Um exemplo foi o pós-regularização no Brasil de ativos no exterior em 2013 (anistia). Notório que muitos brasileiros fixaram residência em Portugal, aproveitando-se da qualidade de vida naquele País e o regime do RNH (residente não habitual). Seja através do uso de PFIC’s em jurisdições favorecidas ou até mesmo pelo fato do Brasil produzir situações de baixa tributação (ex lucro presumido ou não tributação local no ganho de capital para certos investimentos) o regime de RNH se tornou extremamente favorável aos brasileiros que mudaram a residência para Portugal.
Só que passados os 10 anos de vigência do regime aliado ao fim do RNH anterior (com a expectativa do RNH 2.0), aqueles que fixaram residência plena em Portugal, não só deixaram de ter o RNH, como passaram a se defrontar com o regime de CFC – pessoas físicas de Portugal. O agravante é que o CFC português, a exemplo de outros países europeus, é jurisdicional, transacional e conceitual all at once, ou seja, extremamente complexo. E mais contradição normativa.
Em 2021 ao transpor uma diretiva da União Europeia restrita a CFC das empresas, alguns países decidiram harmonizar o regime de transparência (TFI), estendendo alguns de seus dispositivos para pessoas físicas. Ocorre que ao tentar extirpar o uso de empresas de holdings de pessoas físicas (PFIC) mundo afora, a UE acabou criando os seus próprios refúgios fiscais em Estados-membros da zona.
Tal se deve ao fato de que as regras de CFC, por vezes, não podem ser oponíveis aos tratados constitutivos da UE, em virtude do princípio da livre movimentação de capitais. E essas antinomias acabam tendo o respaldo do Tribunal da UE, o qual, a partir de vários precedentes, afirmou uma doutrina que privilegia a livre movimentação de capitais em detrimento unicamente da arrecadação dos Estados-membros, pela via das normas antiabuso
Não bastasse, há ainda a incidência dos tratados contra a dupla tributação. Só que nessas hipóteses, ao invés de ajudar, as normas convencionais, ou claramente são inaplicáveis (compatibilidade entre regras de CFC e tratados) ou colocam os rendimentos do exterior em uma situação de discriminação, desafiando o artigo 24 da CM da OCDE.
É o que acontece por exemplo, no caso de tratados com clausulas de isenção de dividendos, especialmente em paises como o Brasil (também outros tantos países latino-americanos que contém regra de participation exemption).

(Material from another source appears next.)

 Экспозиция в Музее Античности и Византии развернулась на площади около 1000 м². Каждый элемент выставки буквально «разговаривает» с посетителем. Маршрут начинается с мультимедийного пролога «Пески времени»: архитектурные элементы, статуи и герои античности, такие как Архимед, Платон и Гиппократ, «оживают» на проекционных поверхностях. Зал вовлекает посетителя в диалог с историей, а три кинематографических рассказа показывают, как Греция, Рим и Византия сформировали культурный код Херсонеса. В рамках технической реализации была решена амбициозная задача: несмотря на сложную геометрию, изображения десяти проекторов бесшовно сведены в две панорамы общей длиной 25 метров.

Aplicada literalmente, levaria a uma situação em que um não residente brasileiro pessoa física residente de um país europeu, e que tenha resultados por uma participação societária em uma empresa brasileira produtora de rendas “semipassivas” (vg. royalties e imóveis), poderia ter uma tributação mais gravosa que se recebesse dividendos de uma empresa do próprio país.
Tal se deve ao fato de que as regras de CFC para pessoas físicas na Europa, normalmente trazem a aplicação de alíquotas mais elevadas equiparadas a rendimentos do trabalho, em média até 50%, enquanto juros e dividendos em média até 25%.

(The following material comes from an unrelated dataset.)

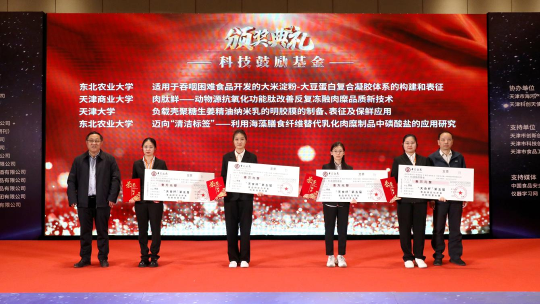 “天食杯”第五届食品研究与开发创新创意大赛以“产学研聚力向前 激发新质生产力”为主题,紧密围绕深化企校产学研协同创新,立足新质生产力发展需求,搭建企校深度融合的科技合作平台,进一步推动企校在项目孵化、技术突破、人才培养等方面的深度合作,助力食品产业高质量发展。本届大赛收到全国30个省、市、自治区,189个参赛单位的1226件参赛作品。决赛经过现场展示及专家评委会评审,评选出最终获奖作品。其中,孔保华、刘昊天指导作品“‘干嘛 D’—一款甘油二酯牛肉肠”荣获产品创新类竞赛一等奖,张现龙、杨鑫焱指导作品“就‘要’美味—中草药活菌冰淇淋”荣获产品创新类竞赛三等奖,曹传爱、吕懿超指导作品“迈向‘清洁标签’—利用海藻膳食纤维替代乳化肉糜制品中磷酸盐的应用研究”、郭增旺指导作品“适用于吞咽困难食品开发的大米淀粉—大豆蛋白复合凝胶体系的构建和表征”荣获科技鼓励基金。

Conclusivamente, vivemos em um cenário de legítima aspiração à mudança de residência com o enquadramento em regimes de atratividade fiscal para novos residentes. Contudo, e na mão inversa, tais benefícios podem restar ser mais onerosos que a tributação regular, a depender do enquadramento nas regras de CFC para as pessoas físicas (sem falar em exit taxes). Adaptando o ditado, sem uma devida análise substantiva na legítima opção de fixar residência em outro país, o barato pode sair caro e o “não” tão caro pode sair barato.